The Court of Appeal was careful to stress that the duty of care from the parent company to the employee of one of its subsidiaries does not arise automatically, the court will assess each case on its own factual merit in order to ascertain whether the parent has taken on direct responsibility from the employees of its subsidiary. Nevertheless, company owners can no longer guarantee that their liability in respect to a subsidiary will be limited to the value of their investment.


Some airlines have formed low-cost subsidiaries. These are distinct legal entities but the parent may direct the subsidiary to follow a particular policy in order to maximise its revenue (operational need). That may be enough on this ruling to make the parent liable to someone damaged by the low-cost airline following the policy.

This case should be noted by group companies, particularly those who may have employees with latent personal injury claims and where the directly employing no longer exists, is unable to meet a claim for damages, or does not have adequate insurance. It is likely that parent companies may experience an increase in claims from existing and former employees of their subsidiaries who recognise that they now have another possible cause of action.

The decision does not only affect companies in this country but also multinational companies headquartered in the UK with subsidiaries in developing countries. Overseas operations have greater scope to cause direct harm to employees, the local environment and consumers and therefore expose parent companies to more risk. Forum shopping claimants may argue that because a UK domiciled parent expressed an interest in the commercial affairs of an overseas subsidiary, the parent owed a duty to the claimant.

This case serves as a timely reminder that good governance across group companies should be firmly established. It is recommended that company policies and procedures are reviewed so as to ensure that there is a clear understanding as to where group decisions are made and ultimate responsibility lies. Essentially, parent companies need to assess whether they have an “attachment of responsibility” arising from the liabilities of their subsidiaries.

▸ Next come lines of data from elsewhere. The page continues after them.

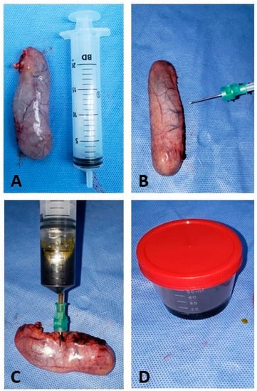 The bile collection procedure was performed in a sterile bottle right after the removal of the gallbladder from the abdominal cavity, as shown in Figure 3.
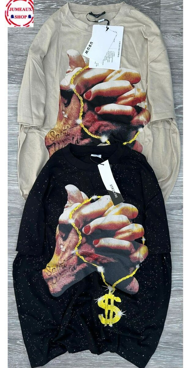 T-shirt oversize avec imprimé artistique de mains et pendentif $. Style urbain et moderne. Matière confortable, idéale pour un look décontracté et affirmé. Disponible en plusieurs couleurs.
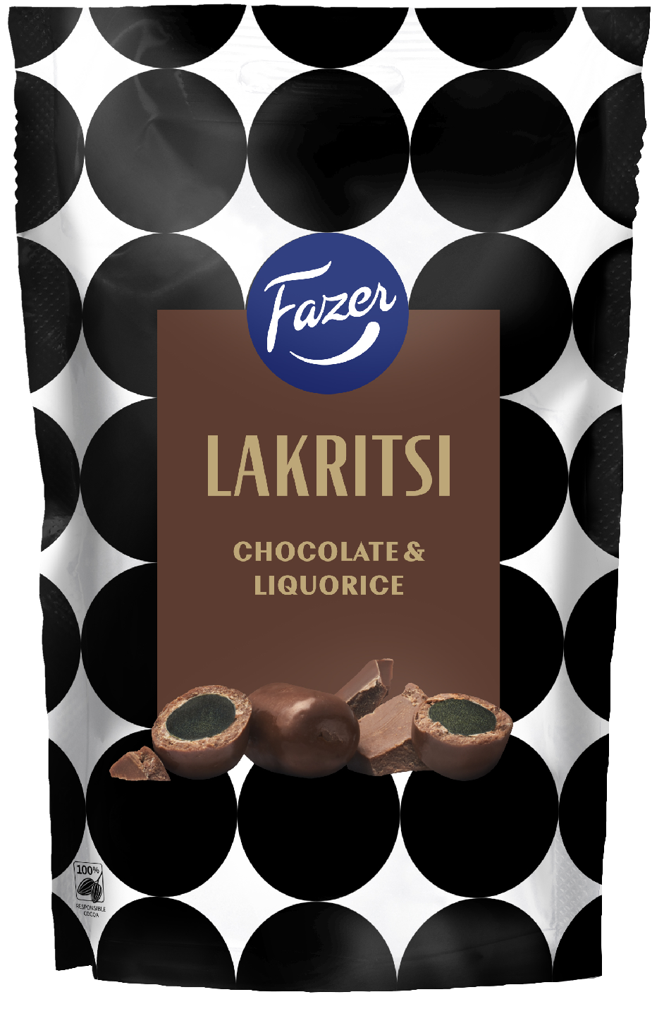 Pehmeä Fazer Lakritsi on saanut suklaa kuorrutuksen Fazerin sinisestä suklaasta. Kun pehmeä lakritsi kohtaa Fazerin täyteläisen maitosuklaan syntyy jotain vastustamatonta. Nauti lakrtisipussi yksin tai jaa ystävän kanssa!
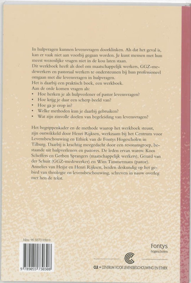 De gedachte die ten grondslag ligt aan dit boek is dat soms in de hulpvraag van mensen levensvragen doorklinken en dat het goed is om daarop in te gaan. Het boek is geschreven voor de hulpverlening én het pastoraat. Het is bedoeld voor maatschappelijk werkers (v/m), GGZ-medewerkers (v/m), priesters en dominees (v/m).
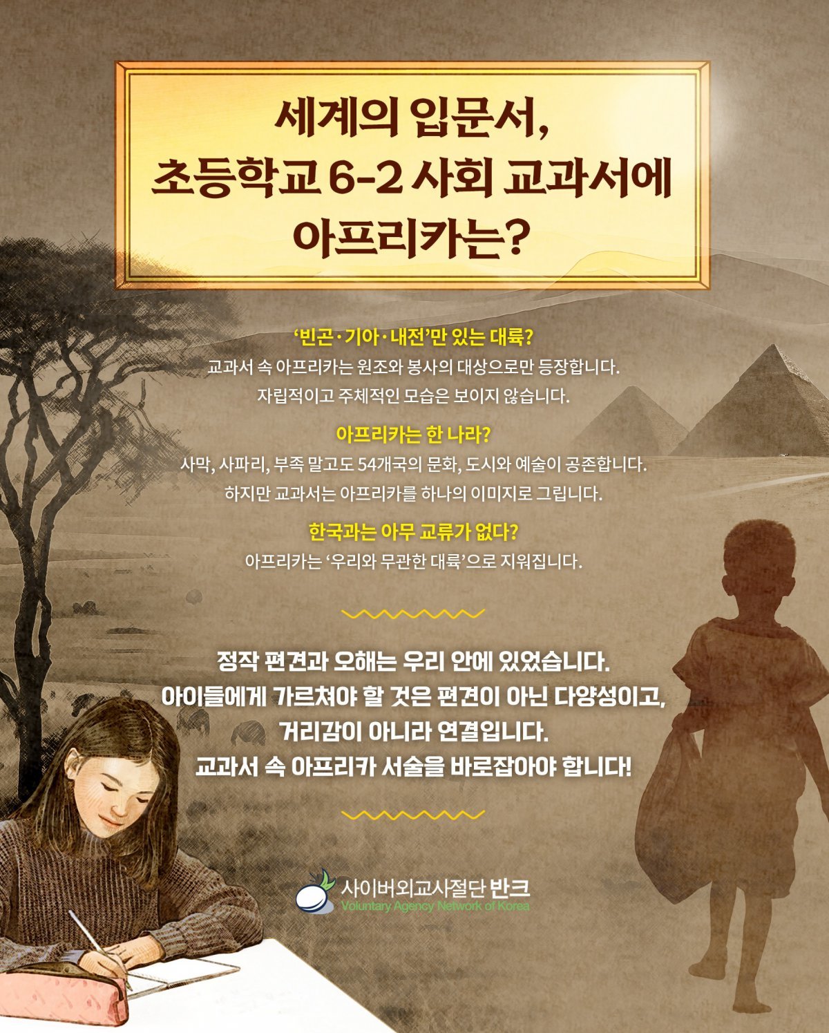 사이버 외교사절단 반크가 국내 초등학교 교과서에 실린 아프리카 관련 서술이 지나치게 편향되어 있다고 지적하며, 교육부에 전면적인 시정과 개선을 촉구했다. 반크는 현행 교과서가 미래 세대에게 왜곡된 세계관을 심어줄 수 있다는 우려를 제기하며, 이를 바로잡기 위한 ‘아프리카 바로 알기 교과서 시정 캠페인’을 전개한다.
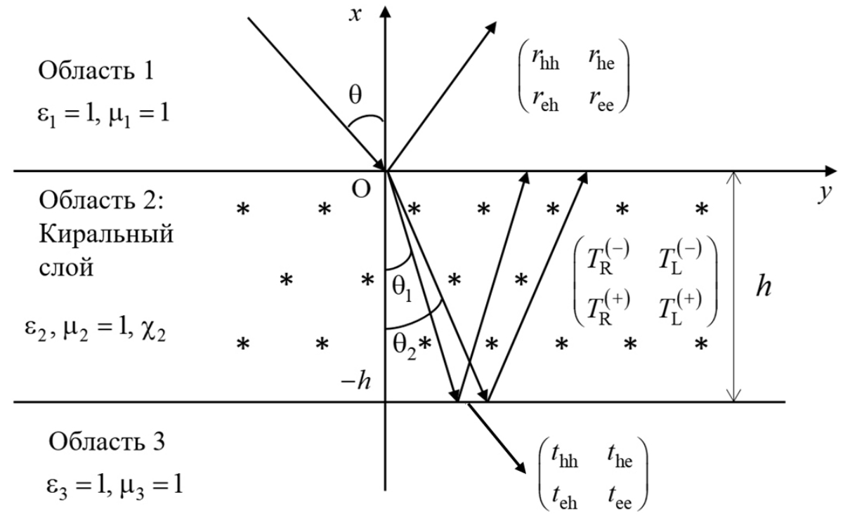 A plane electromagnetic wave is incident on a layer of metamaterial at an angle . Region 1 is a dielectric with dielectric and magnetic permeabilities and . The chiral layer (Region 2) is described by material parameters and within the proposed mathematical model of Eq. (7). The concentration of chiral inclusions in Region 2 is equal to . The thickness of the metamaterial layer is h. Region 3 is a dielectric with dielectric and magnetic permeabilities and . When solving the problem, we assume that the planar layer is indefinitely extended along the axis Oz and consider the phenomenon of cross-polarization that occurs when an electromagnetic wave is reflected (passed) from a layer of CMM, that is, when a wave with E-polarization is incident, components of the reflected and transmitted electromagnetic fields with H-polarization, and vice versa, will appear.
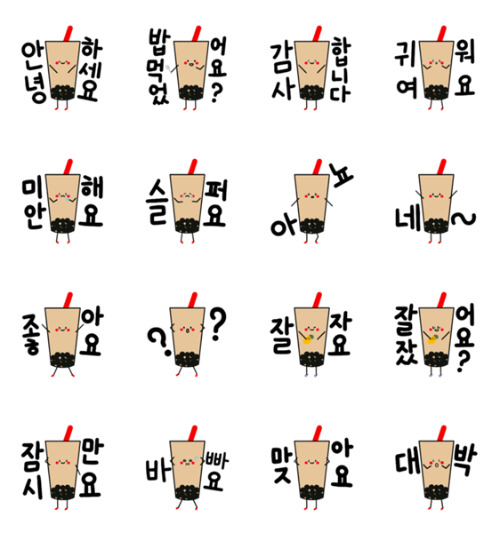 Beverage that lives in Taiwan and speaks Korean well : ) Her name is bubble tea! If you want to practice Korean, use this emoticon
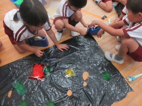 その後、保育室のプラネタリウムをつくることになりました。どうやって屋根をつくろうかな?としばらく考えていた子どもたちです。「画用紙やったら重いし・・・」「星が見えるみたいにするんやったら、うすいやつがええんちゃう?」など、それぞれが思いついたことを言葉にしていきます。「あの、透明みたいな黒いやつやったらいいやん」とビニル袋を屋根にすることになりました。ビニル袋を蛍光灯の光に透かしてみながら、「これは星みたいじゃないなあ」「穴あけてみたらどうやろう?」と、穴をあけていきます。

Parent companies would be sensible to oversee health and safety policies in order to remove systematic failures but at the same time make it clear that the implementation of those policies is the responsibility of the subsidiary. Parent companies could also ensure that those responsible for the health and safety matters in subsidiaries are given as much information as those at a parent company. The benefits of making a subsidiary responsible for the management and operation of their own health and safety policies would need to be balanced against the costs in terms of reduced parent company control, efficiency, consistent group policies and possible increased subsidiary liability.

The protection for a parent company would be to ensure its subsidiaries were always fully insured. It would be prudent for companies to review their existing insurance policies in order to ascertain whether they are wide enough to cover this newly established duty of care.